Tourism to view the gorillas first began in Uganda in the 1960s on a small scale and in Rwanda in 1978. Tourism has since become an important source of foreign revenue for mountain gorilla range countries (Butynski and Kalina, 1998), with the potential of several thousands of tourists a year visiting the gorillas. The frequent close contact by groups of tourists may increase stress, disturb gorilla behavior, and/or pose direct health risks.

A study conducted by Adams and Sleeman (1999) provides insights into the risk that this human group could pose to the health of great apes, including mountain gorillas. In that study, a self-administered questionnaire was filled out by tourists who visited Kibale National Park, Uganda, to view chimpanzees habituated for tourism. Almost 30% (12/43) reported that they were diagnosed with one of the diseases listed recently enough to be considered infectious at the time of the chimpanzee visit. In another study involving 21 guides, trackers, and rangers in Uganda and Rwanda (Homsy, 1999), 50% of the respondents indicated that maintaining tourists at a distance of more than 5 m was the regulation most difficult to enforce (often due to the gorillas approaching the tourists). While these two studies are not representative of all tourists visiting mountain gorillas, they provide some evidence to suggest that this human group could potentially pose a health risk to the animals being visited.

A report by Homsy (1999) summarizes numerous strategies for minimizing disease risk, and the evidence base supporting these recommendations. While promotion of many of these regulations has been in effect for a while, enforcement is not always easy. Awareness-raising among tourist agents and tourists themselves via brochures is one of the various strategies being used to assist with regulation compliance.

Local Human Communities

Gorillas have survived until recently in areas relatively inaccessible to humans. However, human settlements in many places now extend right up to the boundary of protected gorilla habitats and are expanding in unprotected gorilla habitat. The lack of sanitation services in these areas means household refuse and human waste are disposed of on-site.

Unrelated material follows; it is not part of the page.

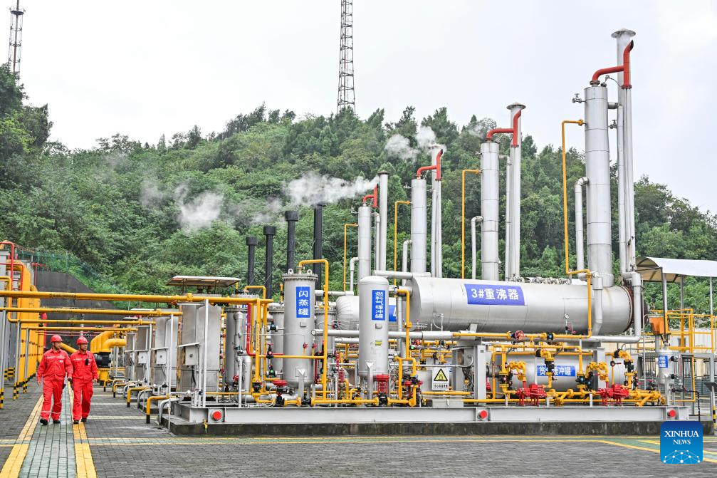 The Fuling shale gas field in Chongqing has produced over 60 billion cubic meters of natural gas, according to Sinopec, its developer and China's largest oil refiner. The gas field, which began commercial development in 2014, brings green and clean energy to more than 70 cities along the Yangtze River Economic Belt. (Xinhua/Wang Quanchao)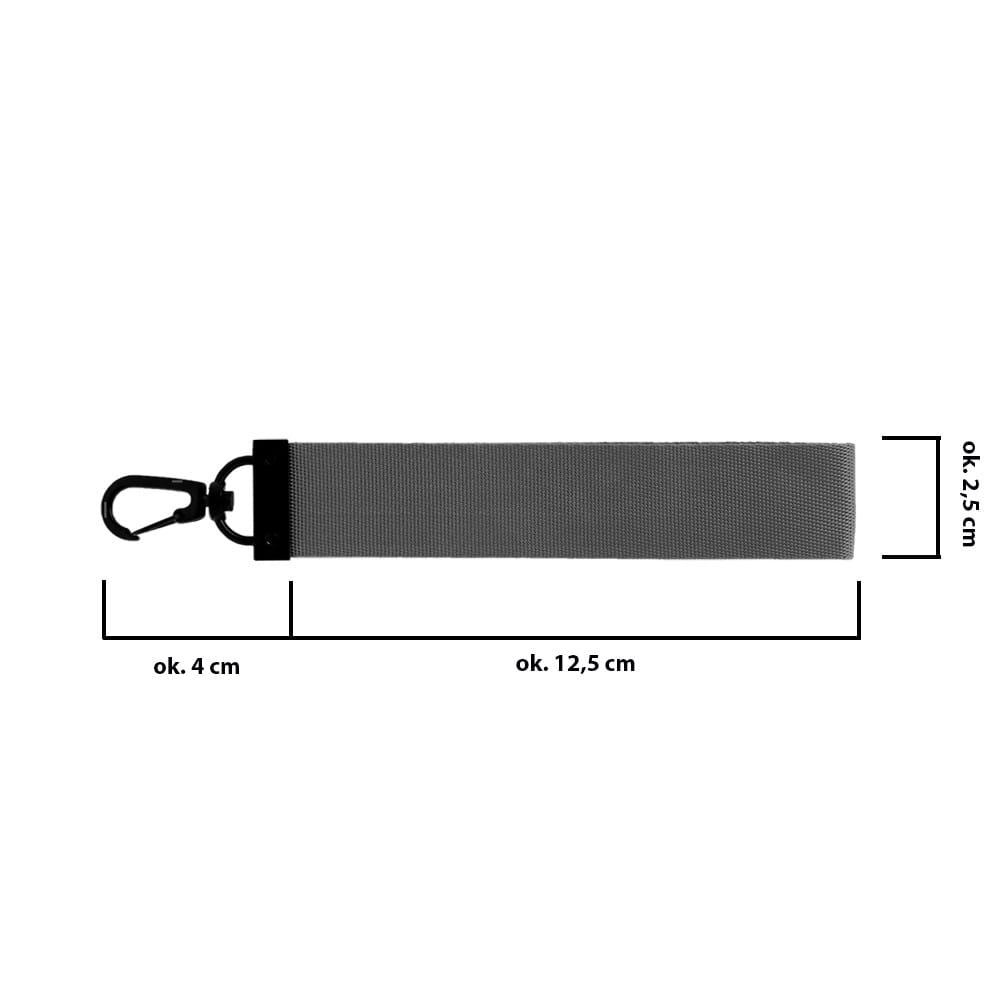 Brelok w formie elastycznej tasiemki z poliestru z metalowym zapięciem. Idealny przedmiot do plecaka , torby podróżnej , kluczy lub jako wykończenie zamka błyskawicznego kurtki. Brelok posiada nadrukowane elementy z imieniem.

Trash piles or open pits and latrines (sometimes covered and sometimes not) are usually in proximity to farmland. Some gorillas that are less fearful of humans are attracted to the crops and refuse as an alternative or supplemental food source, and interactions between humans and gorillas at this intersection are increasing. This situation poses health risks to the gorilla from direct and indirect pathogen transmission (e.g., through fomites and vectors such as rats), and also potential exposure to environmental toxins and bodily injury during physical encounters. It also poses health, social, and economic risks to humans, ranging from reduced income due to crop destruction, to potential for pathogen transmission from gorilla feces or bites, to school dropouts due to the need to stay home to protect the family's crops from being raided.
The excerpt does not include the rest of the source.